The problem with optimizing compilers is that you're changing what the user expects to come out. This is very dangerious because you need to be able to prove that what you've generated will work as the non-optimized version.

I know of a few programs that when compiled with -O2 work fine but break with -O3. This is because some optimizations that are applied are just not what the programmer expected or in the older days just broken working code.

Formally verifying the output is difficult because you need to prove the same operation is happening both times even if they are extremely different in what they are doing. I'm assuming that's where the difficulty comes in.

nickpsecurity · on Jan 1, 2017

Hence the Vellvm project and its ilk:

https://www.cis.upenn.edu/~stevez/vellvm

nickpsecurity · on Jan 1, 2017

Everyone with formal method background interested in this work should consider taking on one of their posted projects that would improve it. Especially Ocaml to CakeML translator.

https://cakeml.org/projects

Just email them first in case someone has done the work already. Academics sometimes are slow to update web sites due to digging deep into their research. ;) The best uses I can think of for CakeML are:

A reference implementation to do equivalence checks against with main language, a ML or not, being something optimized.

Someone to build other tools in that need high assurance of correctness. Prototype it to get the algorithm right using any amount of brains and tooling that already exist with an equivalent CakeML program coming out. Then, that turns into vetted object code.

A nice language for writing low-level interpreters, assemblers, or compilers that bootstrap others in a high-confidence way. Idea being in verifiable or reproducible builds where you want a starting point that can be verified by eye.
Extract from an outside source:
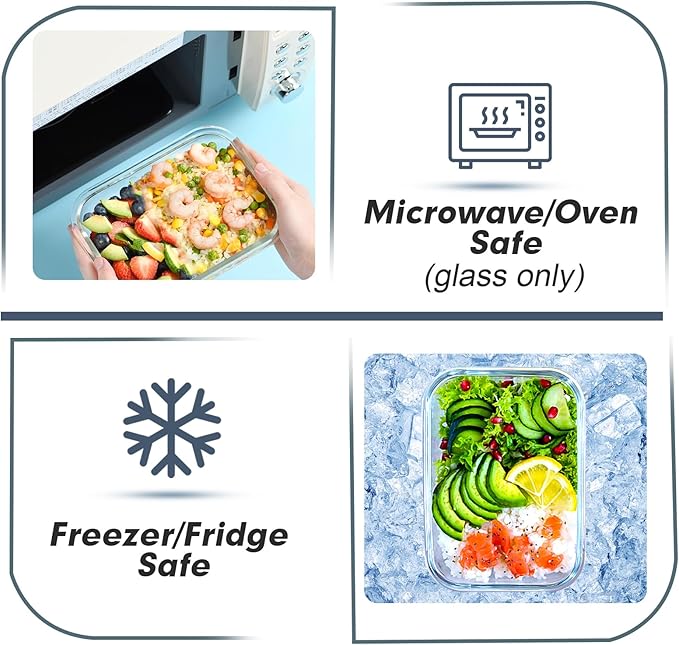 - VERSATILE AND CONVENIENT: BAYZZ glass meal prep containers are microwave, oven, freezer, and dishwasher safe, allowing you to easily store, freeze or reheat meals, ideal for meal prepping and storing leftovers.

They can look at the CakeML & assembly output with some extra assurance on top of hand-doing it. One might even use the incremental compilation paper on building up a Scheme to end up with a powerful, starting language plus assurance binary matches code.

gravypod · on Jan 1, 2017

Go into the compiler explorer [0] and type the following

    val num = 10

Then take a look at the x86 generation.

What is all of that. It doesn't look like executable data needed. Is that just implicit functions or something baked into the language? If it is, why isn't it being tree-shook?

junke · on Jan 1, 2017

It seems you need to add a semi-colon after the line (the AST was empty). A minimal program is simply "();", and compiles into something even more complex. A big part of it looks like runtime setup/cleanup code, common for all programs.

clarus · on Jan 1, 2017

It seems that there are some examples here: https://github.com/CakeML/cakeml/blob/master/explorer/exampl... Whould be cool to have these examples accessible from the web interface of the compiler explorer.

gravypod · on Jan 1, 2017

Sadly it doesn't seem like you can link to a compiler output from their compiler.

Twirrim · on Jan 1, 2017

What is ML in this context? Neither CakeML nor Standard ML site appear to actually define it, and it's an acronym with a few definitions in tech (e.g. Machine Learning)

more_original · on Jan 1, 2017

It's Meta Language. The ML language was developed in the early 1970s as a meta-language for the LCF theorem prover. ML was developed as a language for programming proof tactics. The strong type system and type soundness guarantees of ML were important to guarantee that such tactics could only prove correct theorems.

https://en.wikipedia.org/wiki/ML_(programming_language)

jez · on Jan 2, 2017

For a bit of history about ML, see Appendix F: The Development of ML (on page 89) from here:

http://sml-family.org/sml97-defn.pdf

igravious · on Jan 1, 2017

https://en.wikipedia.org/wiki/ML_(programming_language)

fithisux · on Jan 2, 2017

What is the difference between CakeML and StandardML in terms of Syntax and Semantics?